_Records from a dataset_

------------------------------

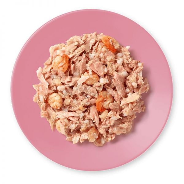 összetevők: Tonhalfilé 55%, halászlé, garnélarák 20%, rizs
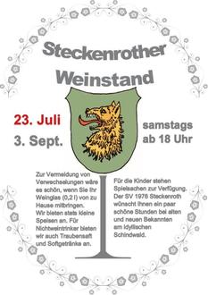 Nach der erfolgreichen Weinstand-Premiere lädt der SV Steckenroth am Samstag, 23. Juli, ab 18.00 Uhr zum gemütlichen Umtrunk auf sein Sportgelände ein. Hoch oben über Steckenroth und am idyllischen Schindwald gelegen, können dann erneut verschiedene Tropfen probiert, kleine Leckereien gegessen, die Aussicht und der Sonnenuntergang genossen und alte und neue Bekannte getroffen werden. Für die Kids ist dann ebenfalls gesorgt. Diverse Spielzeuge und Fußbälle stehen zur Verfügung.
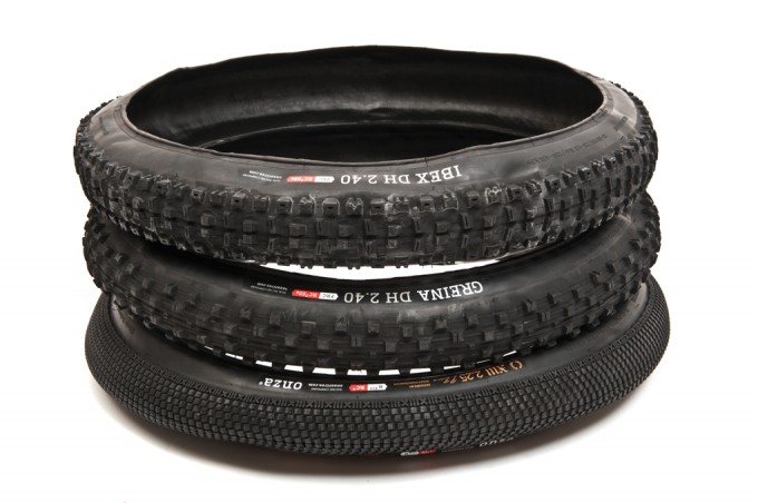 ONZA TYRES 2013If you were riding in the 90’s then Onza tyres will bring back many memories, in particular their Porcupine model. The Onza name then went very quiet before eventually emerging again as a trials bike brand under different ownership, and then a couple of years ago a Swiss company bought the rights to make tyres under the Onza name. Their tyres are now available in the UK and from our first impressions of them on test bikes we’re pleased they’ve now made it over here. They seem to have hit the nail on the head with tread patterns, particularly with the Grenia, which is a superb mixed conditions tyre, and they’ve done a great job with rubber compounds too. Most of their tyres use a dual compound, but it’s the way the rubber rebounds slowly that we really like. There are various different casing and compound options, but be cautious about going for the lighter casings as they are on the thin side. Aside from their trail and DH tyres there’s also the Roger Rinderknecht designed dirt jump tyre which is perhaps best described as an Intense ‘not so’ micro knobby.
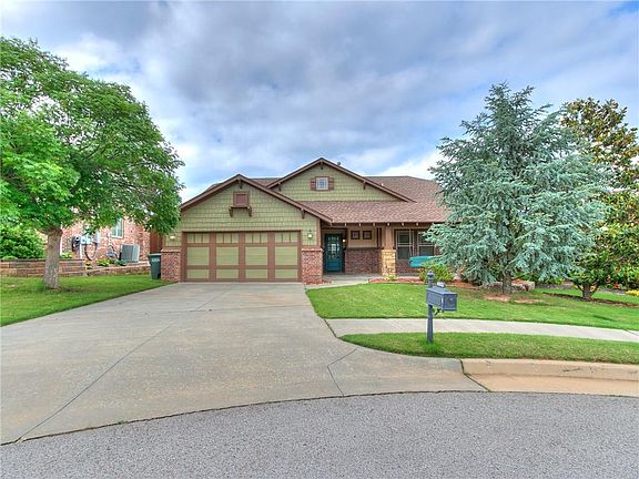Charming custom Craftsman style 3 bed, 2 bath home nested on quiet cul-de-sac in sought-after East Edmond, Arbor Creek neighborhood. Welcoming, expansive covered porch has swing, large landscape rocks and beautiful views. Open concept, split floor plan boasts hardwood throughout foyer, living, kitchen, dining and halls. Living has stone fireplace and cathedral ceilings with custom beams & paneling. Kitchen offers island with storage, granite counters, breakfast bar, pantry and farm style sink. Dining has great views. Primary suite has double vanities, granite, jetted tub, large shower and walk-in closet. 2 other bedrooms and living have easy access to 2nd bath with granite counters and tub/shower combo. Outdoor pergola, covered patio, landscaping, and privacy fence create the perfect canvas for your outdoor retreat. HOA dues includes voucher for 2 annual passes to Lake Arcadia. Located 1-3 minutes from I35, shopping, restaurants, super Walmart, Samclub, movie theater and Lake Arcadia.
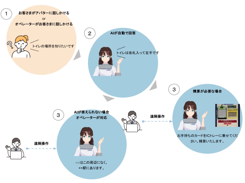 ③AIが答えられない場合や精算が必要な場合に、遠隔操作でオペレーター(駅係員)がアバターを通じて質問の回答や精算処理など対応する
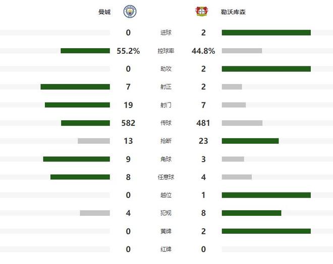 下半場(chǎng)瓜迪奧拉一口氣換上了福登、奧賴?yán)投鄮?kù),想要加強(qiáng)球隊(duì)的進(jìn)攻,不過(guò)第54分鐘勒沃庫(kù)森就給了主隊(duì)沉重一擊,身高1米91的大中鋒希克,接到隊(duì)友45°傳中后,頭球破門得分,幫助勒沃庫(kù)森將領(lǐng)先的優(yōu)勢(shì)擴(kuò)大到了2球。
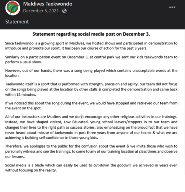 According to the Times of Addu, the Maldives media source which first reported the incident, Clique College says it had no desire to promote Christianity and no intention to play the Christian song, which they say auto-played from a playlist during a Taekwondo exhibition. The song’s lyrics reportedly included the words, “We believe in Jesus. We believe in Holy Spirit.” College officials say the song was changed as soon as the mistake was detected. The Taekwondo academy responsible for the exhibition similarly disclaimed responsibility on a Facebook post, saying that the music that was played was “out of their hands”.
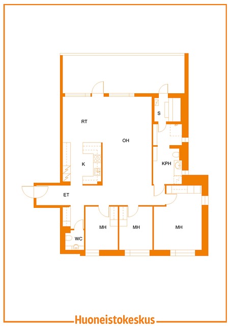 3mh, oh, k, kh, saunaos. 2 wc, lasitettu iso terassi(yj: 4h+k+s)
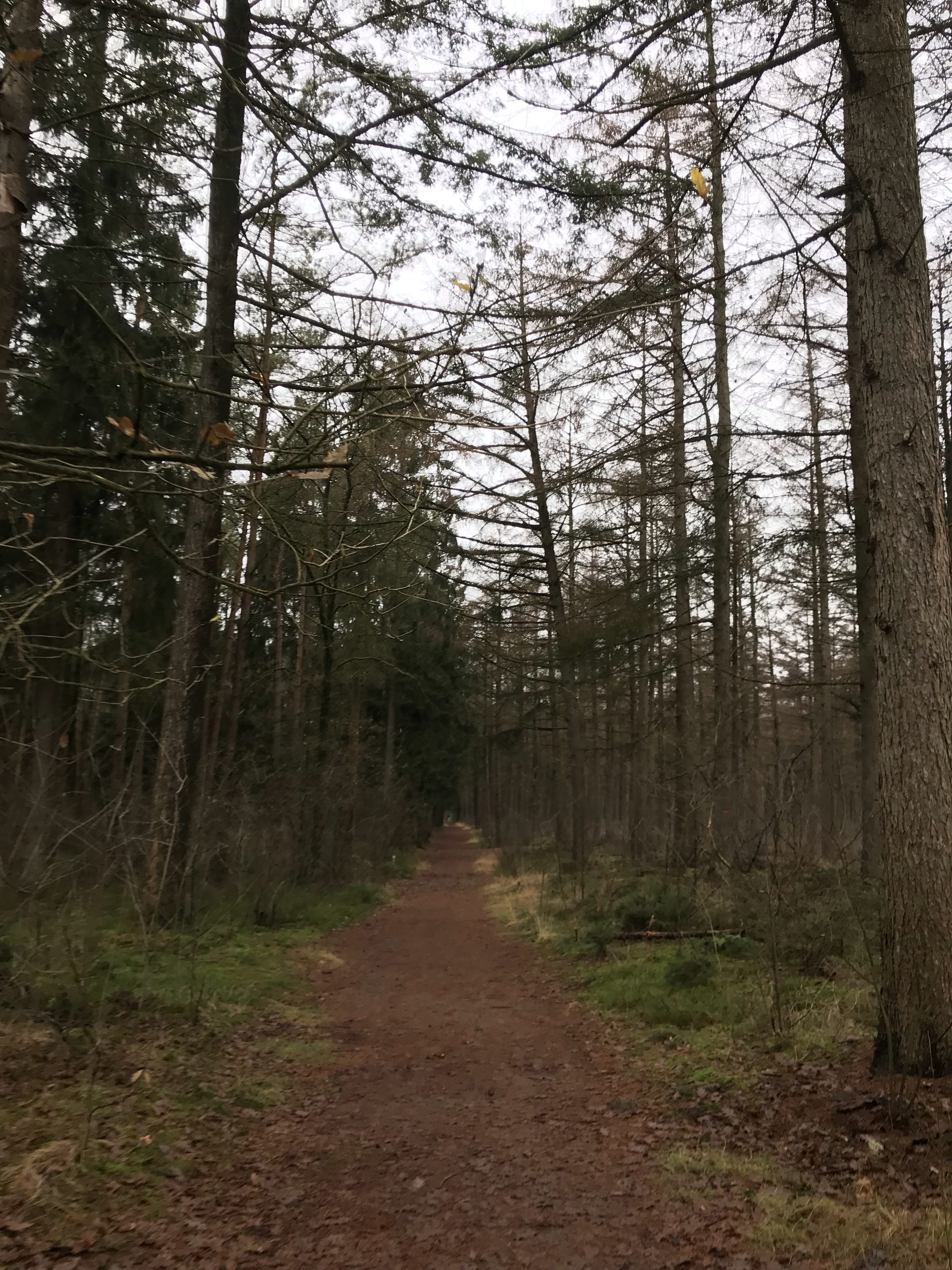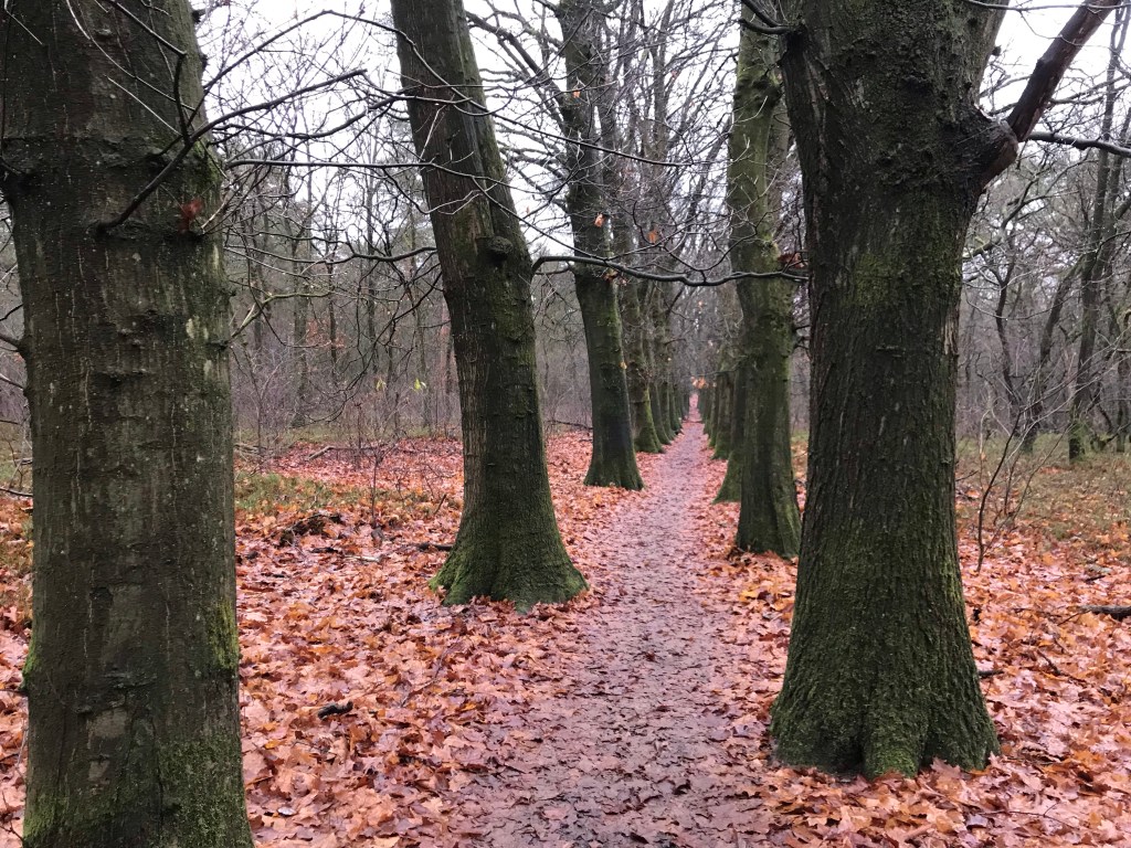 Maar goed ik ben dus onderweg. Met kleding aan die meer past bij het weer dan de vorige keer. Want zo koud wil ik het niet meer hebben. Ben ik bijna bij Otterlo. wegomlegging. Dikke 15 km om. Dus ik haal 10.30 uur niet. 10 minuten later dan gepland sta ik ook op het Mosselpad. We downloaden de route en gaan zowaar de goede kant op. We lopen eerst door de dorpsstraat. En al snel verdwijnen we via boerderij de Houtkamp in de bossen. Dat gaat via een oude ‘holle’ weg. Het klompenpad geeft aan: Langs deze weg loopt een dubbele houtwal, die ontstaan is doordat de grond uit de sloot aan weerzijden is opgeworpen. Het is prachtig om daar te wandelen. Dan lopen we over de randwal van het Otterlose bos. Dit is één van de oudste bossen van de Veluwe. De wal is de laatst 1000 jaar ontstaan door opgewaaid stuifzand. Het is soms een flinke klim. Want het stuifzand is niet op gelijke hoogte opgestoven 😊. Dus omhoog en omlaag. We hebben onze sport ook weer gedaan. Dat komt wel goed uit zo in de lockdown.
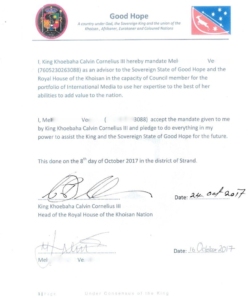 On 4 October 2017, Mel Ve was appointed by royal mandate as the International Media Advisor to the Royal House of the Khoisan Nation until 4 October 2018, during the First Nation secession of the Khoisan territory, being the Cape Province within South Africa, with this effort going all the way to the United Nations in New York.
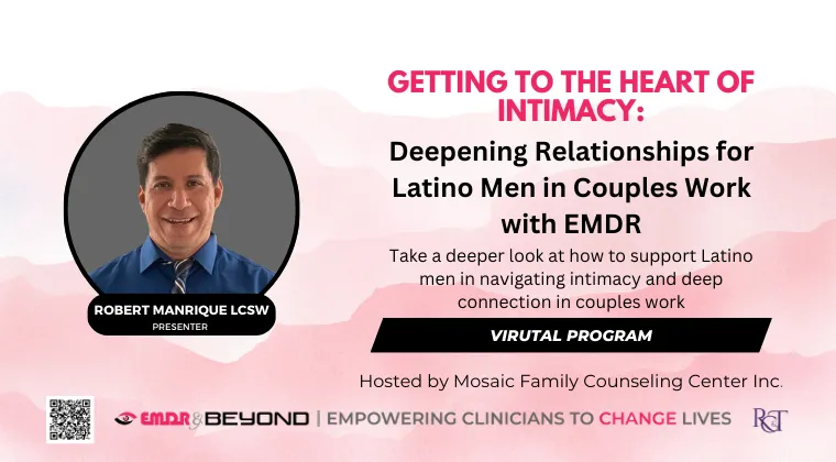 Trainer, Robert Manrique LCSW, brings his extensive expertise in this area to you. From his ongoing work with couples in this context, he will help us explore the intersection of trauma, patriarchal socialization, and mental health among Latino men. Drawing from culturally responsive frameworks and the work of Gabor Maté, Terry Real, and Jackson Katz, participants will examine the unique mental health needs of Latino men, including the role of masculinity, relational patterns, and intergenerational trauma. Special focus will be given to trauma treatment strategies, including the application of EMDR Therapy in culturally attuned ways.
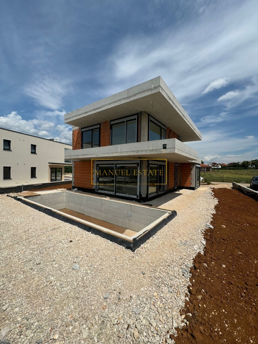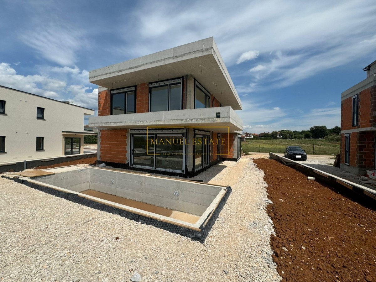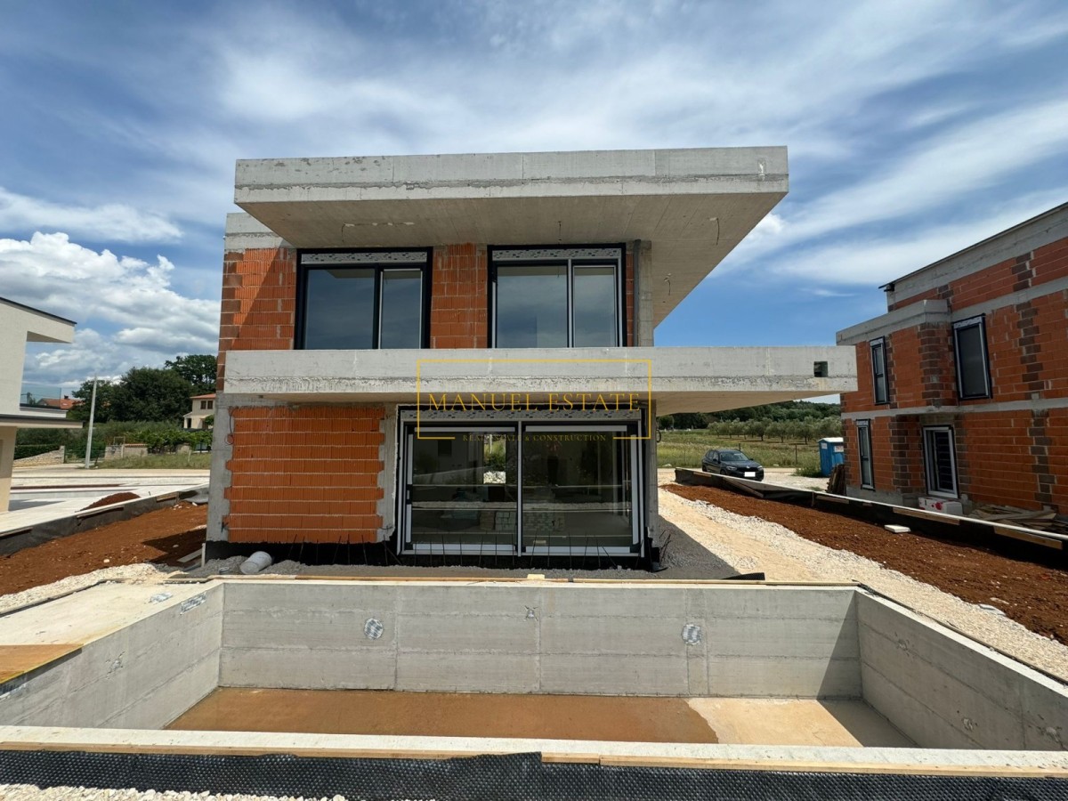 Moderna vila u blizini Poreča, 233 m2, na parceli od 571 m2. U prizemlju se nalazi spremište, wc, tehnička prostorija, wellness zona i open space dnevni boravak s kuhinjom i blagovaonicom s izlazom na natkrivenu terasu. Na prvom katu biti će smještene tri spavaće sobe, svaka sa vlastitom kupaonicom i natkrivena terasa. U potkrovlju će biti 2 spremišta, kupaonica, prostorija za saunu sa prvom fazom i velika natkrivena terasa od 78 m2 sa pogledom na more. Podno grijanje, toplinska pumpa, klima uređaji. Kamin. Bazen sa sunčalištem. Parking. Vila se nalazi na oko 4 km od centra grada i mora.
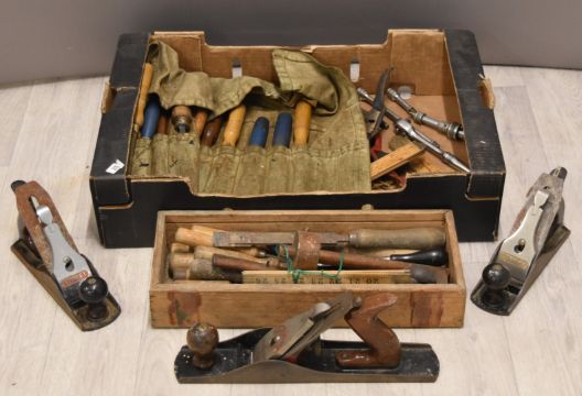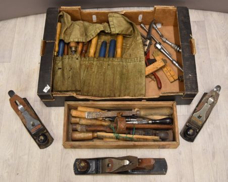 Tools to include Whitmore No.4 plane, chisels, brace etc
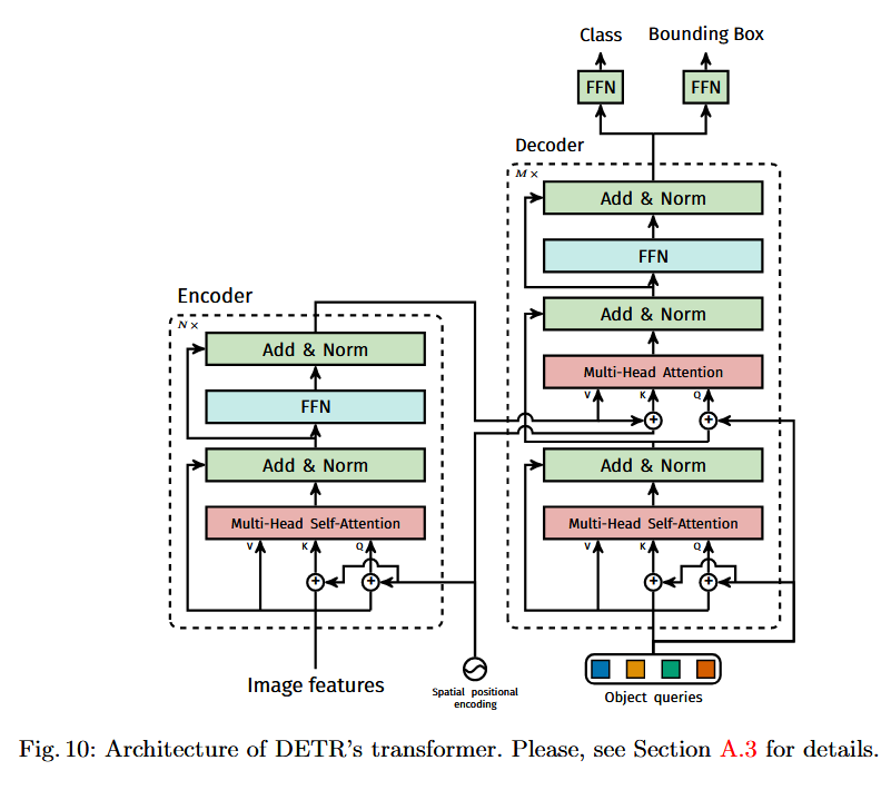 - decoder的第一层输入是object query,先去做自注意力操作,随后的cross attention中,Q为decoder的输出,并且加上object query;K为memory,并且加上positional encoding,V为memory。object query可以表示为不同的objects(因为一个object query表示一个检测框),此处的注意力机制可以注入不同object的相关性,再加入到图像特征中。
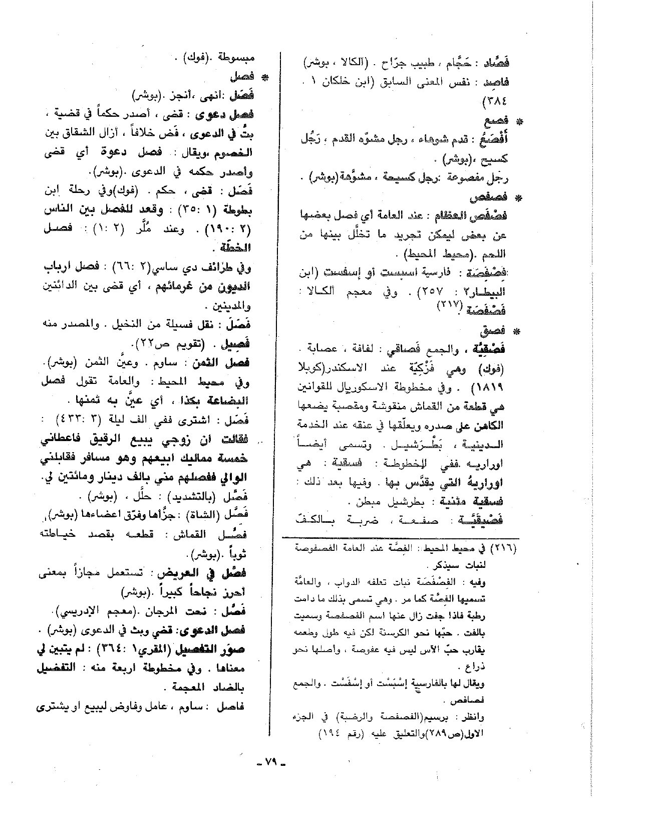 • فصق: فصقية، والجمع فصاقي: لفافة: عصابة. (فوك) وهي فزكية عند الاسكندر (كوبلا 1819). وفي مخطوطة الاسكوبال للقوانين هي قطعة من القماش منقوشة ومقصبة يضعها الكاهن على صدره ويعلقها في عنقه عند الخدمة الدينية، بطرشيل. وتسمى أيضا اوراريه. ففي المخطوطة: فسقية: هي اوراريه التي يقدس بها. وفيها بعد ذلك: فسقية مثنية: بطرشيل مبطن.
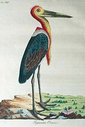 John Latham wrote about the bird found in Calcutta based on descriptions in Ives's Voyage to India published in 1773 and included an illustration in the first supplement to his General Synopsis of Birds. The illustration was based on a drawing in Lady Impey's collection. Latham called it the "gigantic crane", and included observations by an African traveller named Smeathman who described a similar bird from western Africa. Johann Friedrich Gmelin used Latham's description and described the Indian bird as Ardea dubia in 1789 while Latham later used the name Ardea argala for the Indian bird. Temminck used the name Ciconia marabou in 1824 based on the local name used in Senegal for the African bird and this was also applied to the Indian species. This led to considerable confusion between the African and Indian species.[16][17] The marabou stork of Africa looks somewhat similar but their disjunct distribution ranges, differences in bill structure, plumage, and display behaviour support their treatment as separate species.[18]

------------------------------

_YOUR TASK_
After locating "Tools to include" and "- decoder的第一层输入是object query,先去做自注意力操作,随后的cross" in the records above, return exactly the line holding each one and every line between them; leave out the pictures.

_ANSWER BELOW_
 Tools to include Whitmore No.4 plane, chisels, brace etc
 - decoder的第一层输入是object query,先去做自注意力操作,随后的cross attention中,Q为decoder的输出,并且加上object query;K为memory,并且加上positional encoding,V为memory。object query可以表示为不同的objects(因为一个object query表示一个检测框),此处的注意力机制可以注入不同object的相关性,再加入到图像特征中。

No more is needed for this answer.